▶ _INSTRUCTIONS FOR THE TASK_
No pictures belong in the copy. Set down exactly the lines from the one that contains "Cũng trong ngày" through the end of the data.

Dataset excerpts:
◇ ◇ ◇ ◇ ◇ ◇ ◇

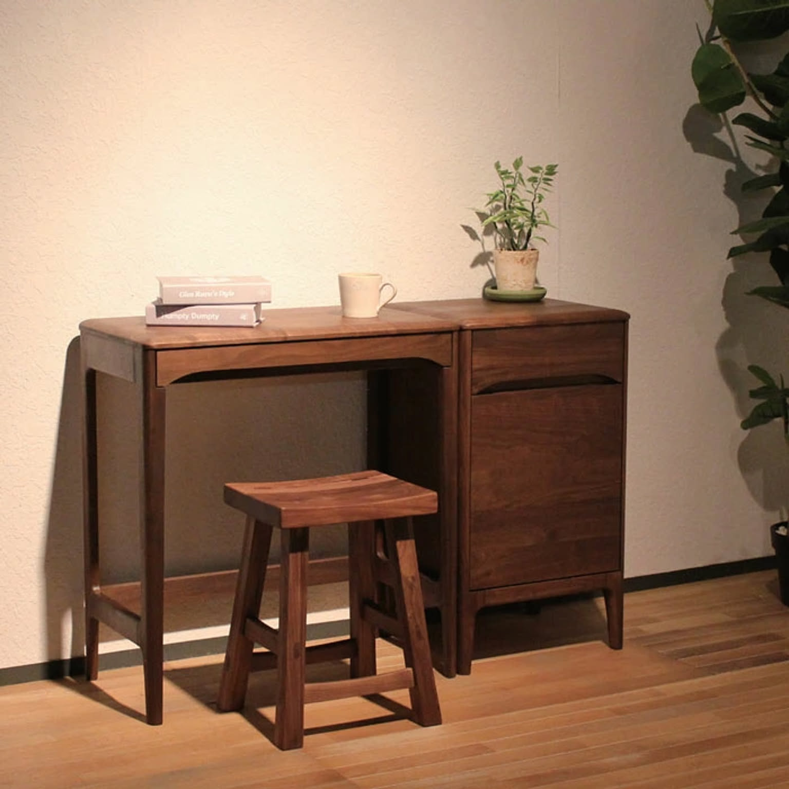 ★扉内にはA4ファイルが縦に収納できる、デスクワゴン。オークとウォールナットから。★ プチデスクと合わせて使えば、 省スペースの実用的なデスクに早変わり! 高級感のある雰囲気になります。 落ち着いた雰囲気で高級感のあるウォールナット。 ホテルライクなスタイルが作れそうです。 曲面で構成される天板は、適度にエッジを利かせた立体的なデザイン。 特徴のある細身の脚のデザインは、お部屋をよりスタイリッシュに演出してくれます。
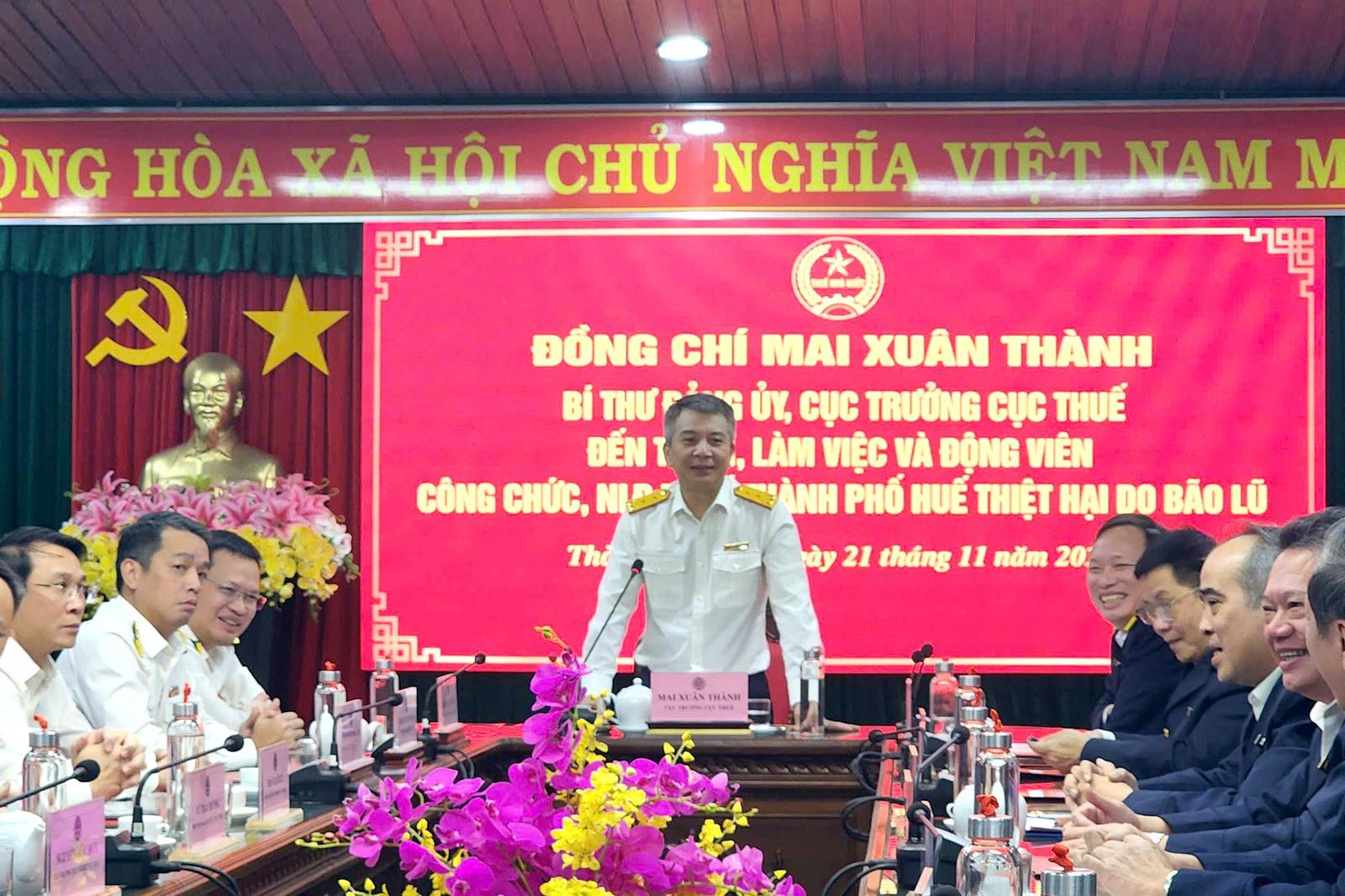 Cũng trong ngày 21/11, Đoàn công tác của Cục Thuế đã đến thăm và làm việc với Thuế TP Huế để chỉ đạo nhiệm vụ công tác thuế năm 2025 trong bối cảnh TP Huế vừa trải qua trận lũ lụt kéo dài.
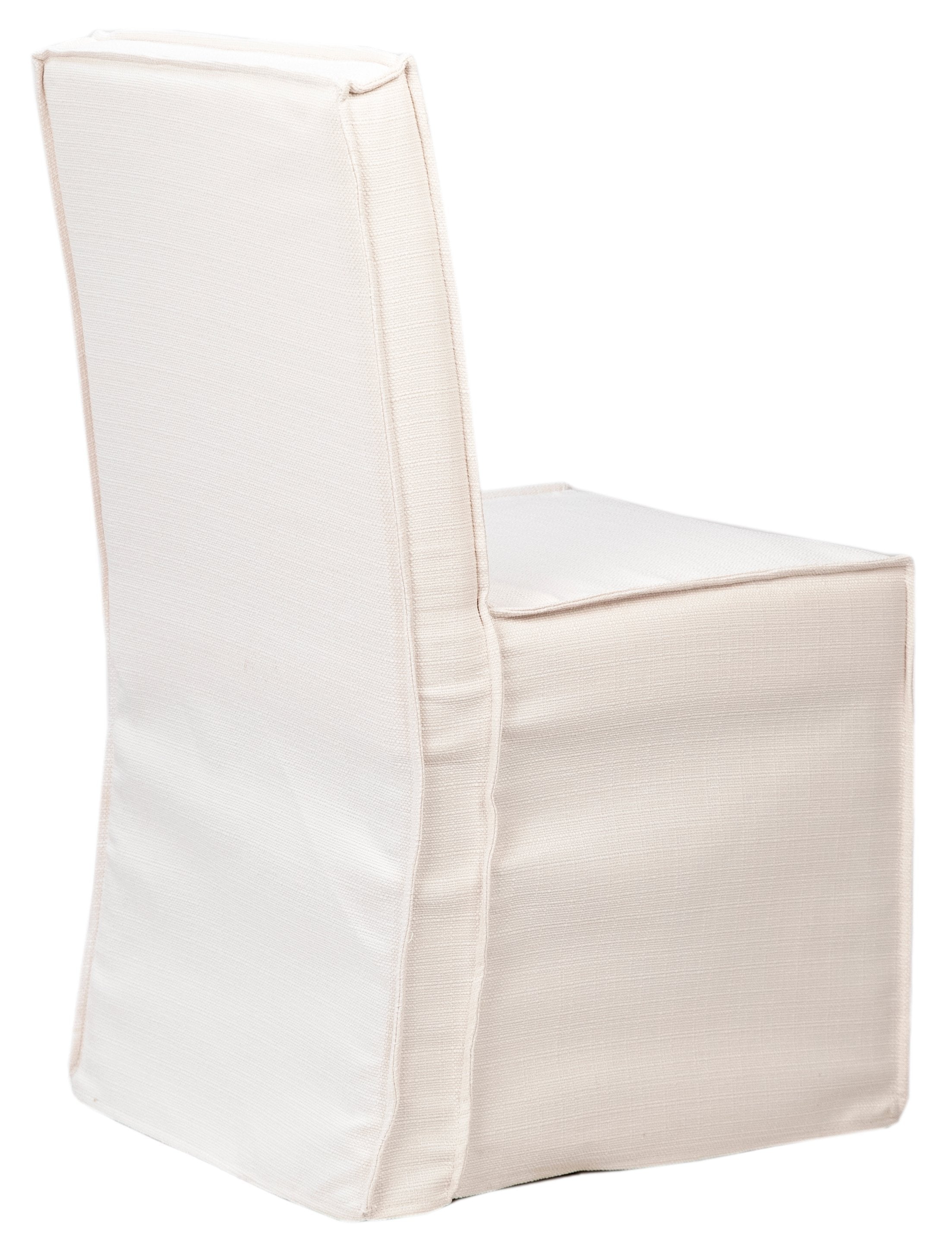Draped in a natural white cotton blend slipcover, this armless dining chair brings a classic-meets-modern feel to your dining room. Featuring a hardwood frame, generously padded seat, and French seams in the front and along the back. This dining chair is the perfect staple in your dining space for casual and formal occasions alike.
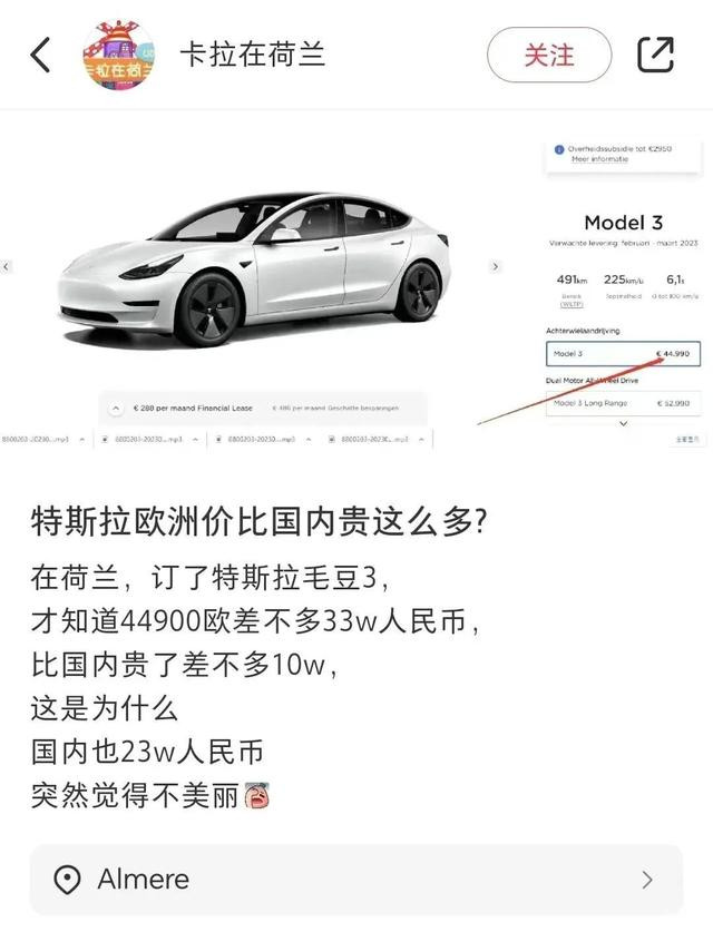 不少国外网友在对比脱手价钱后发现,中国事特斯拉公共售价最低的市集之一,国内恣虐者享受脱手Model 3最实惠的价钱。国外博主“卡拉在荷兰”在荷兰订购特斯拉Model 3后发现,价钱比国内向上了近10万元,直呼珍惜国内车主!
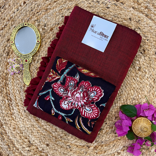 Muralika Maroon & Mehendi Handloom Cotton Saree
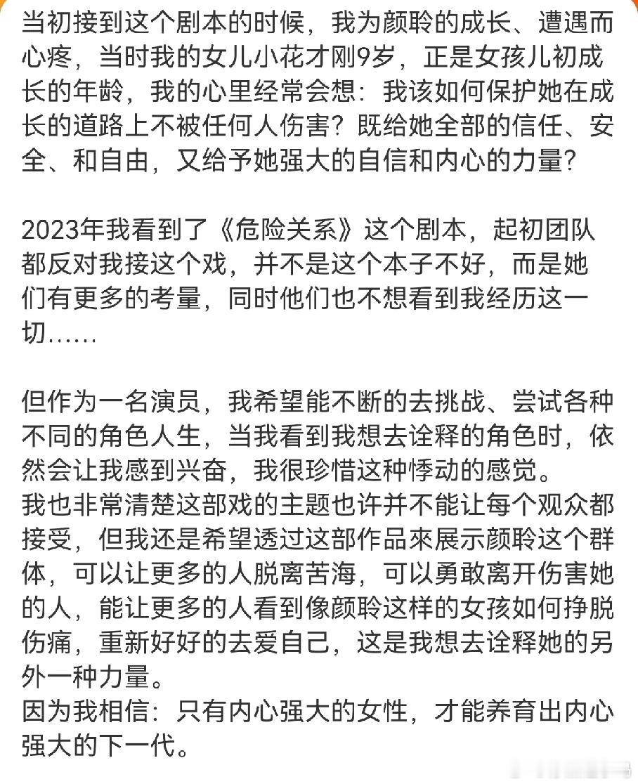 终于理解孙俪为什么会接这部剧了!身为妈妈,她想通过《危险关系》这个剧本,给女儿一
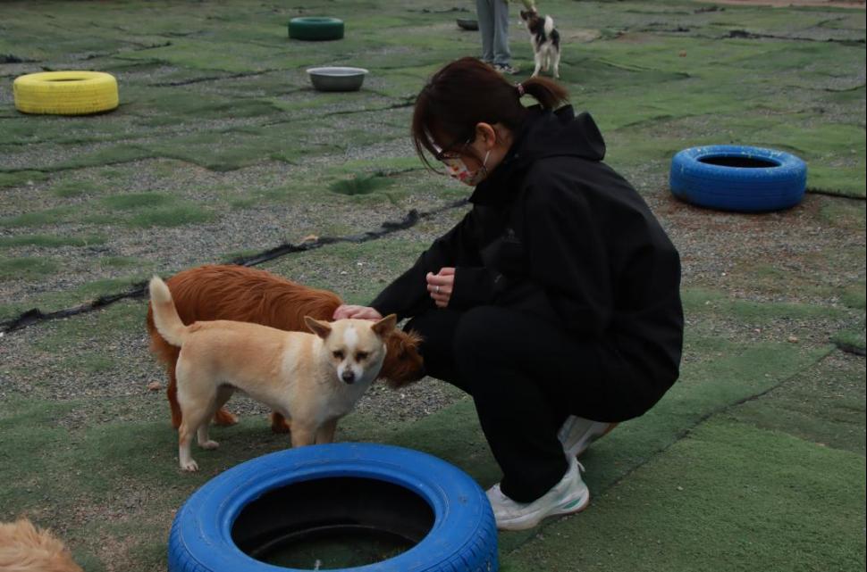 推开基地的大门,沿着铺满鹅卵石和碎石的小路来到流浪动物的家里,大大小小的狗狗在围着志愿者转圈,狗狗们的尾巴一直欢快的摇动,各色瞳孔里满是激动和欢迎。
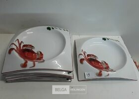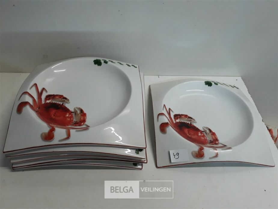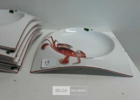 6 x Kreeftenbord porselein 25x25 cm gebogen bord
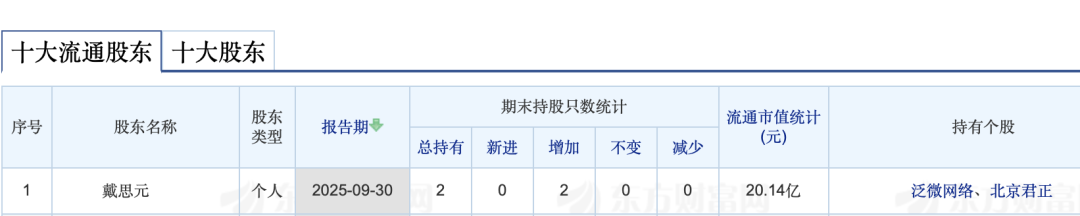 东方财富数据显示,戴思元曾持有指南针、上海电力、北京君正、泛微网络等多只股票。截至2025年9月30日,戴思元的持股市值超20亿元。

◇ ◇ ◇ ◇ ◇ ◇ ◇

▶ _EXERCISE ANSWER_
 Cũng trong ngày 21/11, Đoàn công tác của Cục Thuế đã đến thăm và làm việc với Thuế TP Huế để chỉ đạo nhiệm vụ công tác thuế năm 2025 trong bối cảnh TP Huế vừa trải qua trận lũ lụt kéo dài.
Draped in a natural white cotton blend slipcover, this armless dining chair brings a classic-meets-modern feel to your dining room. Featuring a hardwood frame, generously padded seat, and French seams in the front and along the back. This dining chair is the perfect staple in your dining space for casual and formal occasions alike.
 不少国外网友在对比脱手价钱后发现,中国事特斯拉公共售价最低的市集之一,国内恣虐者享受脱手Model 3最实惠的价钱。国外博主“卡拉在荷兰”在荷兰订购特斯拉Model 3后发现,价钱比国内向上了近10万元,直呼珍惜国内车主!
 Muralika Maroon & Mehendi Handloom Cotton Saree
 终于理解孙俪为什么会接这部剧了!身为妈妈,她想通过《危险关系》这个剧本,给女儿一
 推开基地的大门,沿着铺满鹅卵石和碎石的小路来到流浪动物的家里,大大小小的狗狗在围着志愿者转圈,狗狗们的尾巴一直欢快的摇动,各色瞳孔里满是激动和欢迎。
 6 x Kreeftenbord porselein 25x25 cm gebogen bord
 东方财富数据显示,戴思元曾持有指南针、上海电力、北京君正、泛微网络等多只股票。截至2025年9月30日,戴思元的持股市值超20亿元。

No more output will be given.